_WHAT IS BEING ASKED_. Find the line that holds "- Sala ampla", then repeat it and each line below it word for word through the end of the listing, leaving out pictures.

_MATERIAL PROVIDED_.
☆ ☆ ☆ ☆ ☆

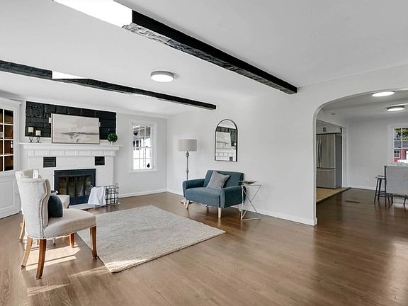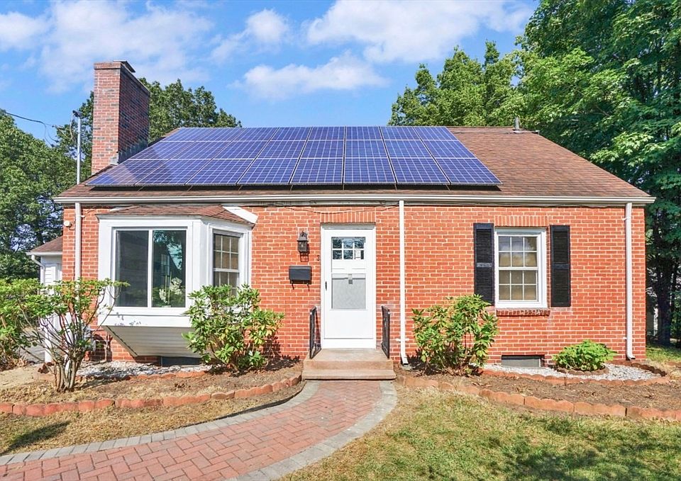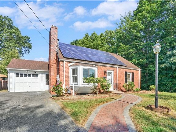 Step inside this beautiful brick cape which has been updated throughout. When you enter you will notice the dark walnut hardwood floors followed by a brick fireplace. Next the open concept kitchen with quartz countertops, stainless steel appliances. Two nice sized bedrooms on the first floor & a modern tiled updated bathroom. Upstairs you have a sitting area leading up to a massive master bedroom. Basement is finished with a full bathroom attached. You will find a tiled sunroom which leads to your fenced in massive backyard. Two sheds are included for extra storage. This property has many fruit trees including apple, peach, & pear trees. Comes with solar panels which have no debt. Come see before it’s gone.
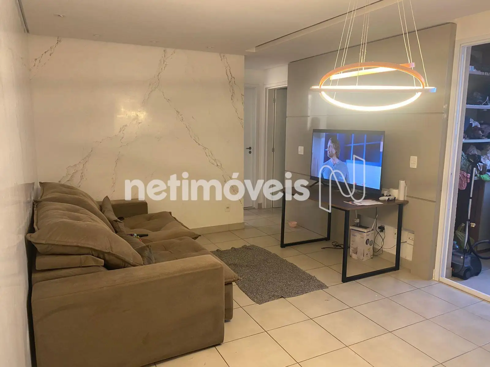 - Sala ampla integrada à cozinha, com parede marmorizada, painel de TV e iluminação moderna.
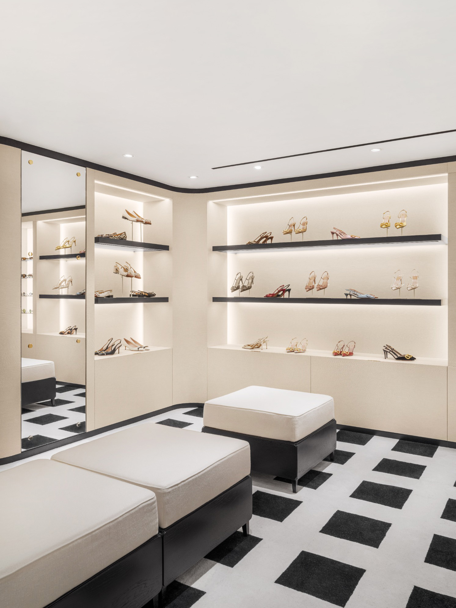 同时,家具设计亦细緻入微,展柜以镜面材质打造,而浑然天成的手工门把则突显品牌对细节的专注与工艺美感。
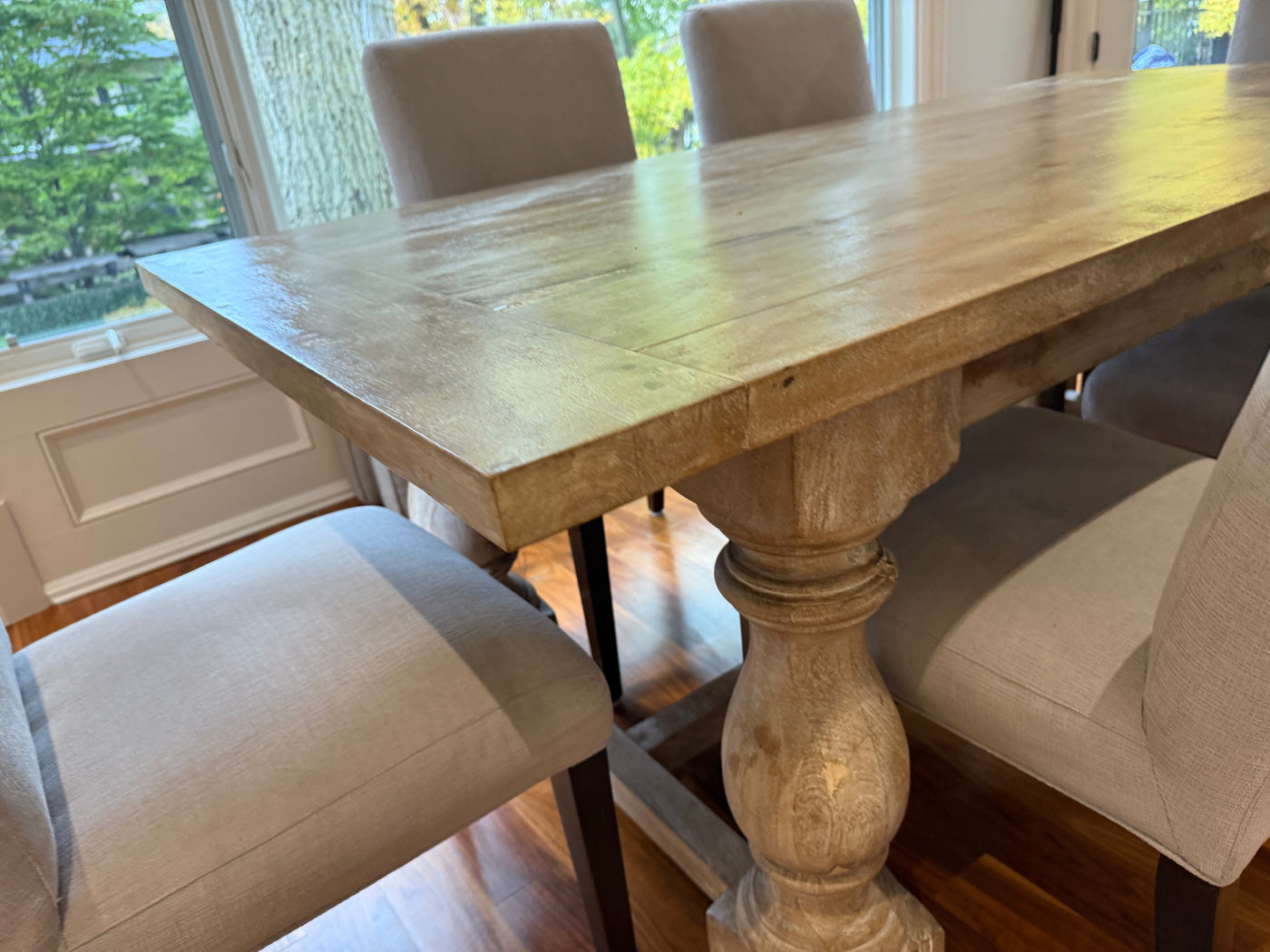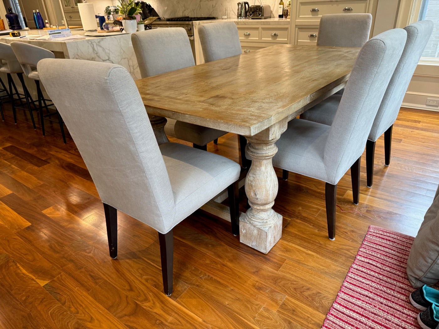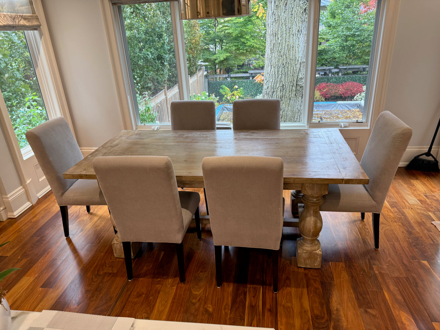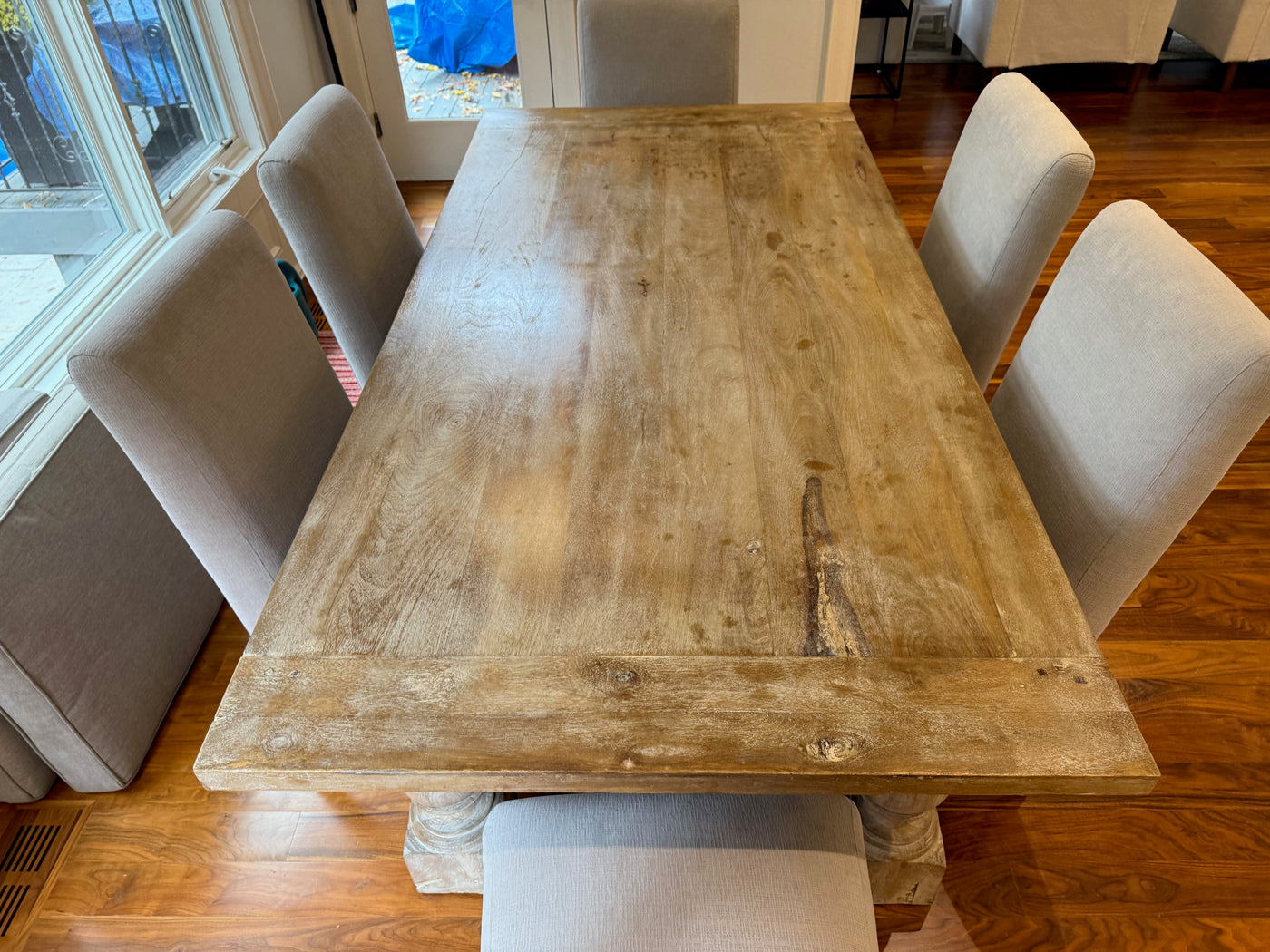 Salvaged Wood Style Dining Table + 8 Custom Grey Fabric Chairs.

☆ ☆ ☆ ☆ ☆

_ANSWER FOR THE TASK_.
 - Sala ampla integrada à cozinha, com parede marmorizada, painel de TV e iluminação moderna.
 同时,家具设计亦细緻入微,展柜以镜面材质打造,而浑然天成的手工门把则突显品牌对细节的专注与工艺美感。
 Salvaged Wood Style Dining Table + 8 Custom Grey Fabric Chairs.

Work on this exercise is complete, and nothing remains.